_THE PROBLEM_
Look for the line with "甲乙双方就发生于______" in the data below, then reproduce word for word that line and every line after it. Leave out all pictures and add nothing.

═════ MATERIAL PROVIDED

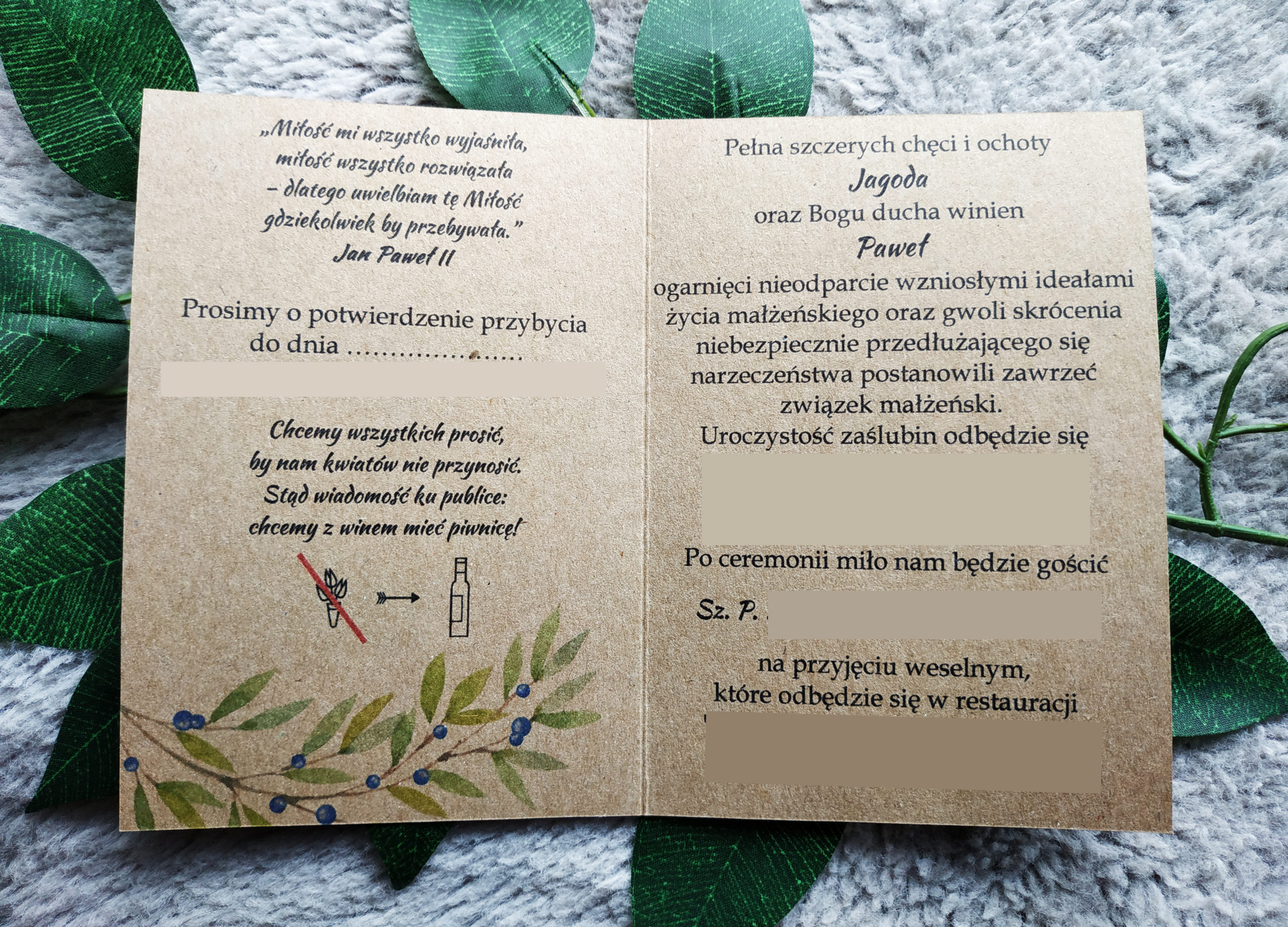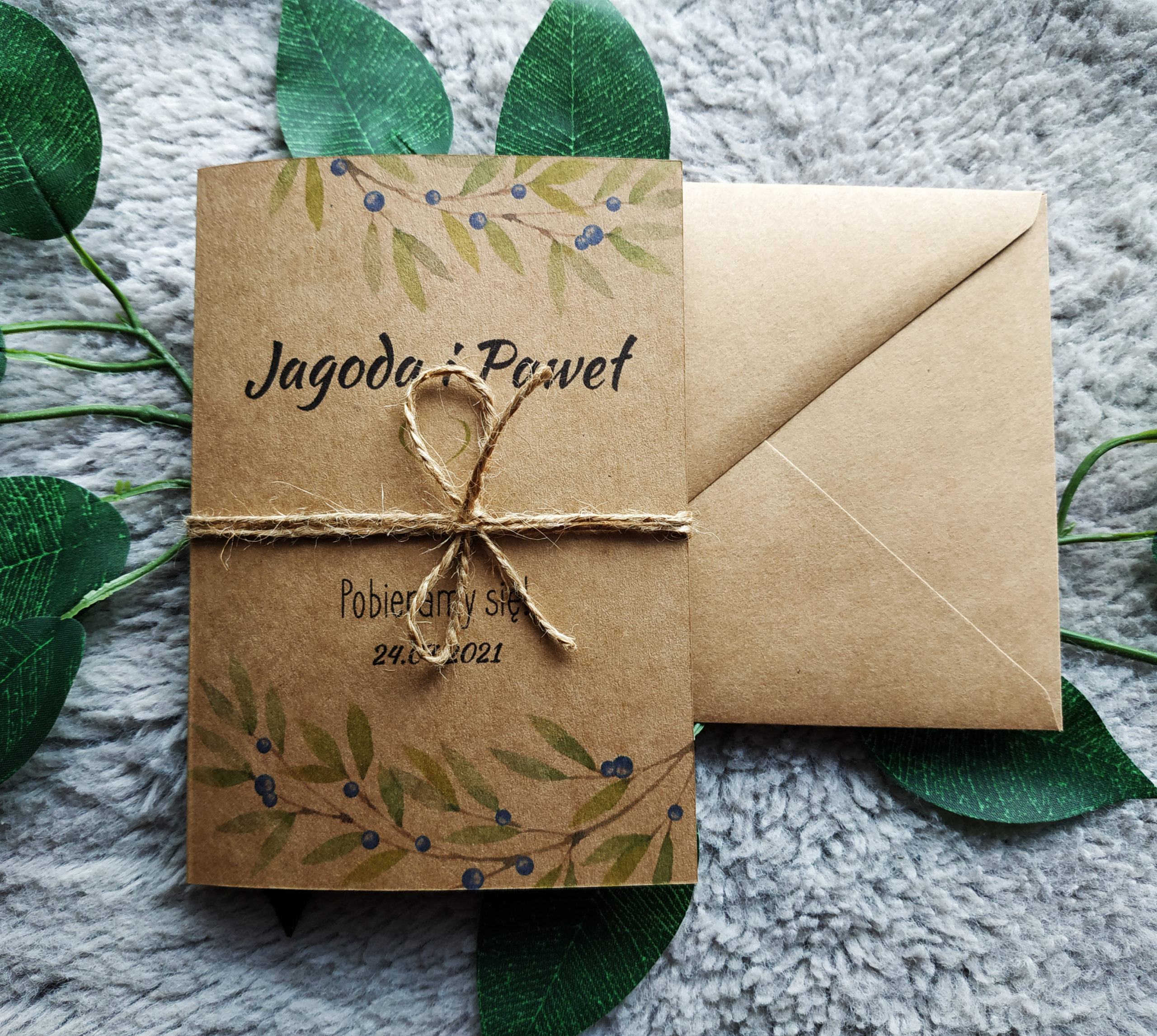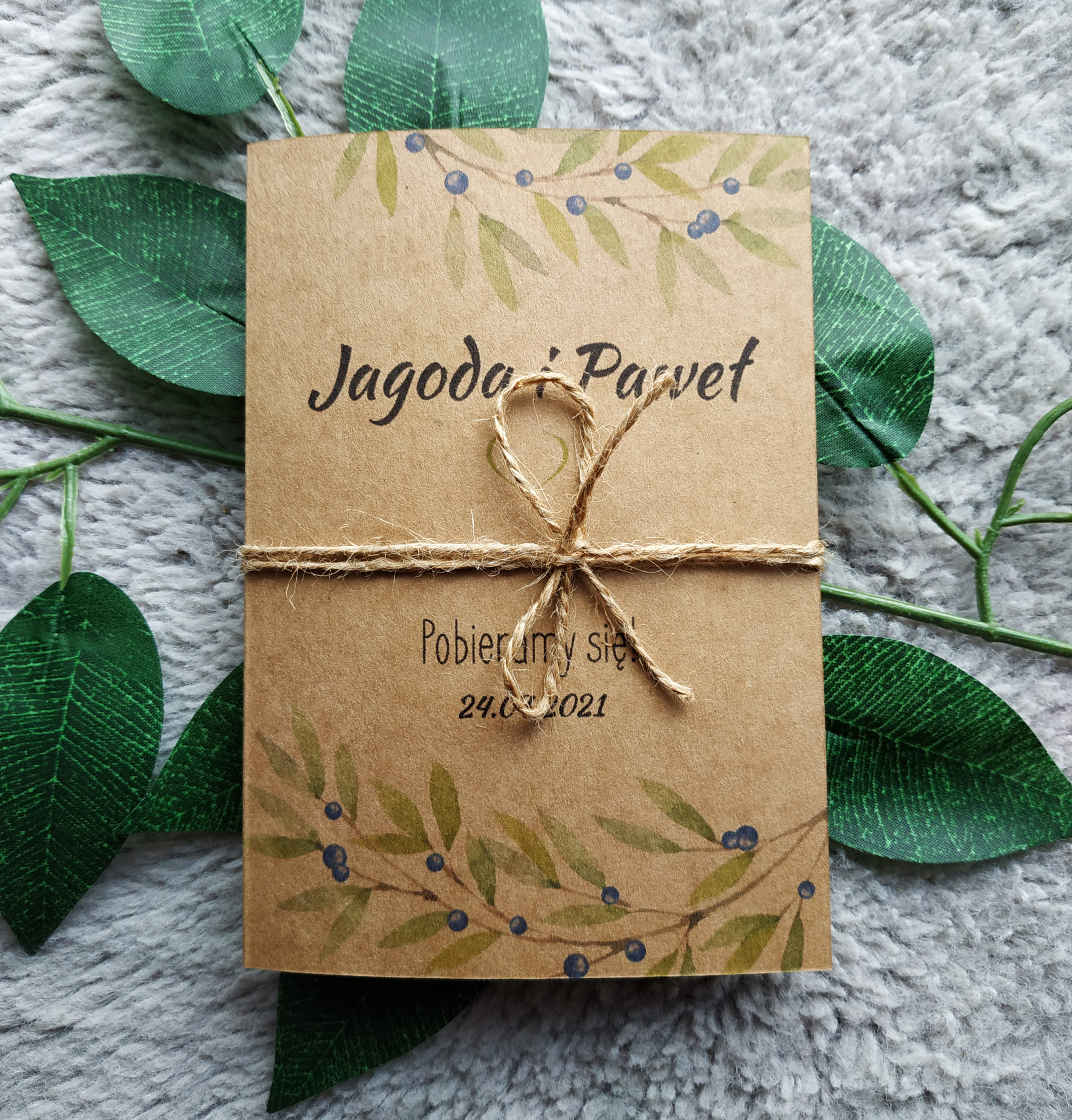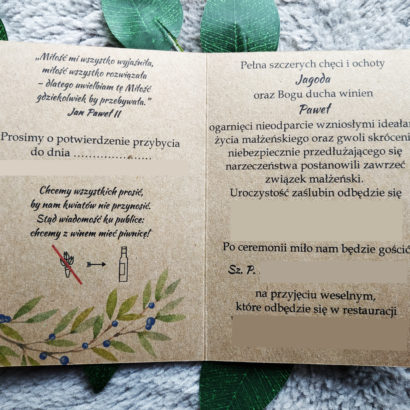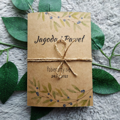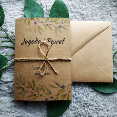 Zaproszenia w stylu boho. Wykonane na wysokiej jakości papierze ekologicznym. Na okładce znajduje się delikatny wzór gałązek z zielonymi listkami oraz delikatnymi owocami jagód.
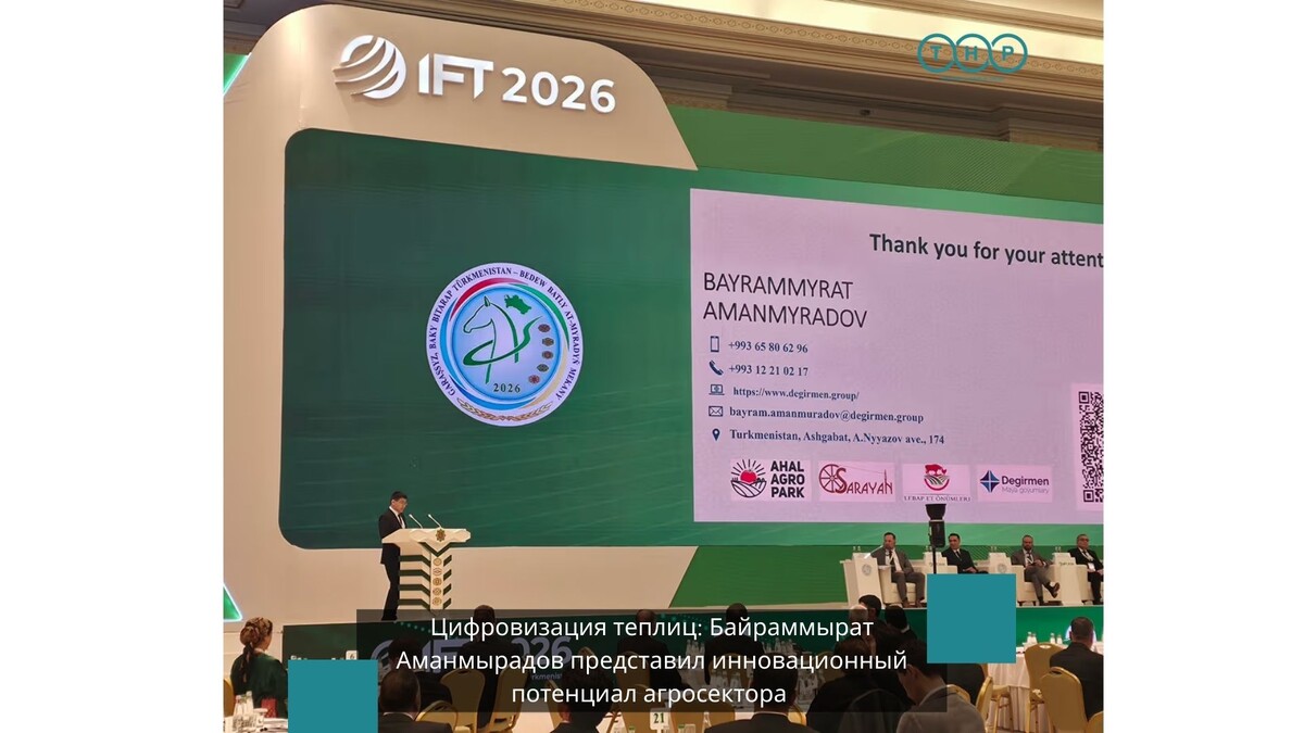 На Международном инвестиционном форуме «Инвестиции в будущее Туркменистана» (IFT 2026) выступил Байраммырат Аманмырадов — заместитель председателя Ашхабадского городского комитета Партии промышленников и предпринимателей, директор ХО «Degirmen Topary». В своем докладе он представил практический опыт развития высокотехнологичного агробизнеса на примере тепличного комплекса AHAL AGROPARK. Спикер подчеркнул, что в последние годы в Туркменистане сформирована уникальная среда для частного сектора, включающая упрощенное налогообложение со ставкой 2% от оборота, нулевой НДС на экспорт и освобождение производственного оборудования от таможенных пошлин. Эти меры, дополненные предоставлением земли в долгосрочную аренду и льготным кредитованием, создают устойчивую платформу для реализации амбициозных проектов. Особое внимание было уделено технологическому оснащению комплекса AHAL AGROPARK, расположенного в Каахкинском этрапе Ахалского велаята. На площади 15 гектаров ежегодно производится около 20
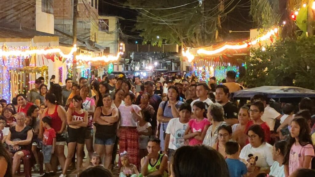 Este domingo, los vecinos de la cuadra 07 del Jr. Bolognesi en Tarapoto realizaron la ceremonia de encendido de luces navideñas, para lo cual, desarrollaron una programación con la presencia de personajes tradicionales de las fiestas de nacimiento del niño Jesús.
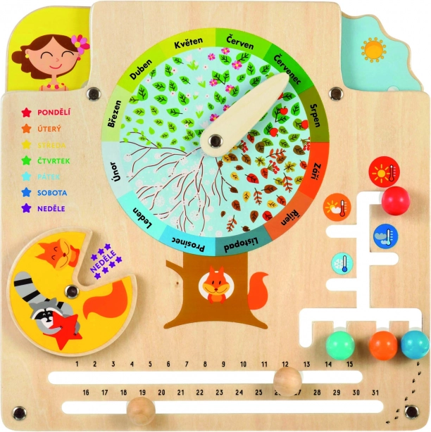 LUCY & LEO puidust looduse kalender on ideaalne vahend mänguliseks õppimiseks. Plaadi keskel on lehtpuust viljapuu koos 12 kuu näidikuga, mille abil seostavad lapsed hõlpsasti talve lumega, kevade õitega, suve viljadega ja sügise langevate lehtedega. Samal ajal õpivad lapsed tundma nädalapäevi, päevade arvu kuus, ilma, temperatuuri ja sobivat riietust erinevate olude jaoks.
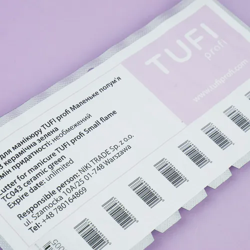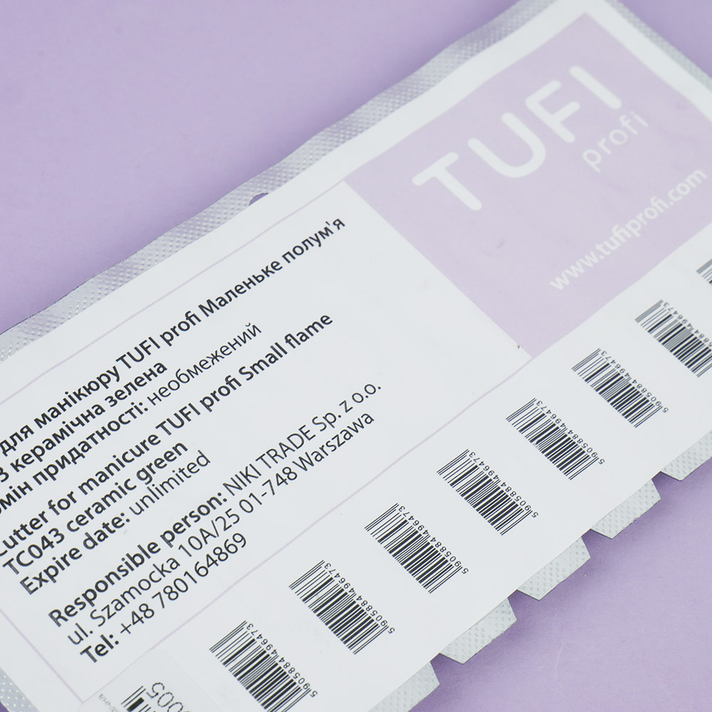 Most nail technicians have long switched to the electric manicure technique. Using this method, the process of the manicure itself is accelerated and becomes of the highest quality. TUFI profi milling bits come in various sizes, shapes, and materials. The ceramic manicure bit is suitable for removing rough skin, hangnails, treating sidewalls, removing gel or gel polish, and shaping the free edge of the nail. The bits can be disinfected in autoclaves and dry heat sterilizers. TUFI profi is a modern Ukrainian brand of cosmetics for home care, as well as products for beginners and experienced nail technicians of various qualifications. All products undergo testing and certification.
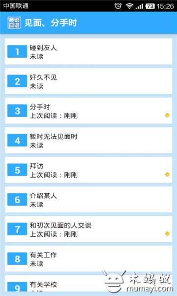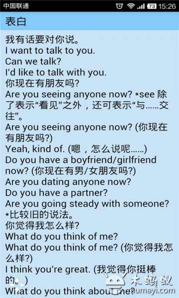 优化UI,极致清爽体验?android手机上最好用的实用英语口语,收录了接近10000条常用的口语,让您可以轻松应对与老外的对话。本软件将口语根据使用场景划分为20多个类别,每个大类别下又具体分为小类别,可以让您快速的找到您需要的口语实例。本软件会记录您的阅读情况,允许您收藏喜欢的口语等等...更多功能等你来挖掘??
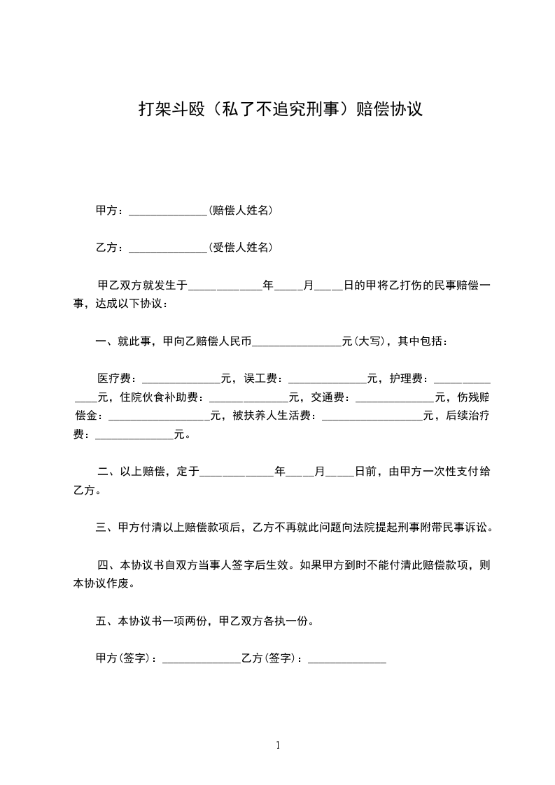 甲乙双方就发生于_____________年_____月_____日的甲将乙打伤的民事赔偿一事,达成以下协议:
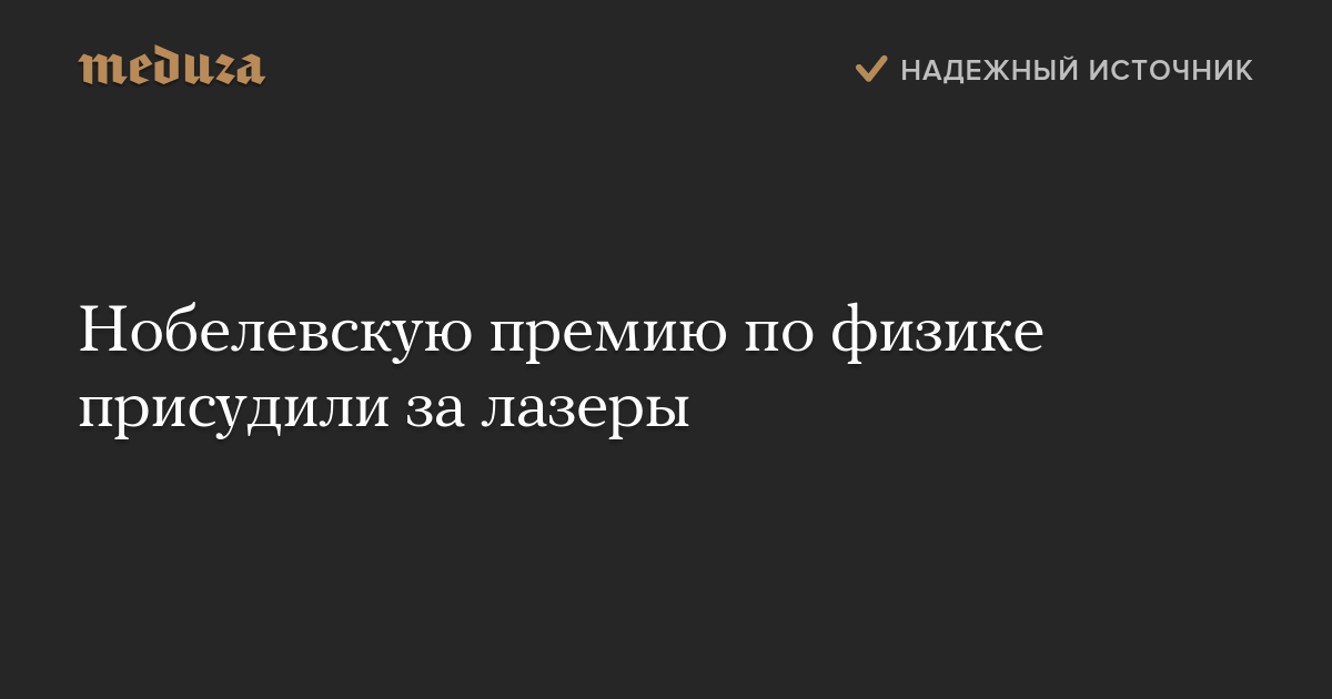 Награда присуждена Артуру Ашкину, Жерару Муру и Донне Стриклэнд за «исследования в области лазерной физики».

══════════

_SOLVED EXERCISE_
 甲乙双方就发生于_____________年_____月_____日的甲将乙打伤的民事赔偿一事,达成以下协议:
 Награда присуждена Артуру Ашкину, Жерару Муру и Донне Стриклэнд за «исследования в области лазерной физики».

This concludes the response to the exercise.